If `11^(th)` term of an A.P. Is 38 and 16th term is 73, its first term is :

To find the first term of the arithmetic progression (A.P.) given the 11th term and the 16th term, we can follow these steps: ### Step 1: Write the formulas for the terms of the A.P. The nth term of an A.P. can be expressed as: \[ T_n = a + (n-1)d \] where: - \( T_n \) is the nth term, - \( a \) is the first term, - \( d \) is the common difference, - \( n \) is the term number. ### Step 2: Set up the equations based on the given terms.

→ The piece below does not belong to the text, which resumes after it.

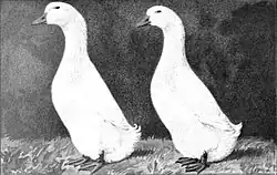 - ↑ a b Amerikanische Pekingente. In: mayer-eugen.de. Eugen Mayer, archiviert vom (nicht mehr online verfügbar) am 23. Juni 2012; abgerufen am 2. Mai 2013 (Beschreibung der Amerikanische Pekingente, inkl. Bericht von Paul-Erwin Oswald (in: Geflügel Zeitung 16/2004) und Rassenbeschreibung aus Standard).

From the problem, we know: - The 11th term \( T_{11} = 38 \) - The 16th term \( T_{16} = 73 \) Using the formula for the nth term: 1. For the 11th term: \[ T_{11} = a + (11-1)d = a + 10d = 38 \] This gives us our first equation: \[ a + 10d = 38 \quad \text{(Equation 1)} \] 2. For the 16th term: \[ T_{16} = a + (16-1)d = a + 15d = 73 \] This gives us our second equation: \[ a + 15d = 73 \quad \text{(Equation 2)} \] ### Step 3: Solve the equations simultaneously. We have the following system of equations: 1. \( a + 10d = 38 \) (Equation 1) 2. \( a + 15d = 73 \) (Equation 2) To eliminate \( a \), we can subtract Equation 1 from Equation 2: \[ (a + 15d) - (a + 10d) = 73 - 38 \] This simplifies to: \[ 5d = 35 \] Dividing both sides by 5: \[ d = 7 \] ### Step 4: Substitute \( d \) back into one of the equations to find \( a \). Now that we have \( d \), we can substitute it back into Equation 1: \[ a + 10(7) = 38 \] This simplifies to: \[ a + 70 = 38 \] Subtracting 70 from both sides: \[ a = 38 - 70 \] Thus: \[ a = -32 \] ### Final Answer: The first term \( a \) of the A.P. is \( -32 \). ---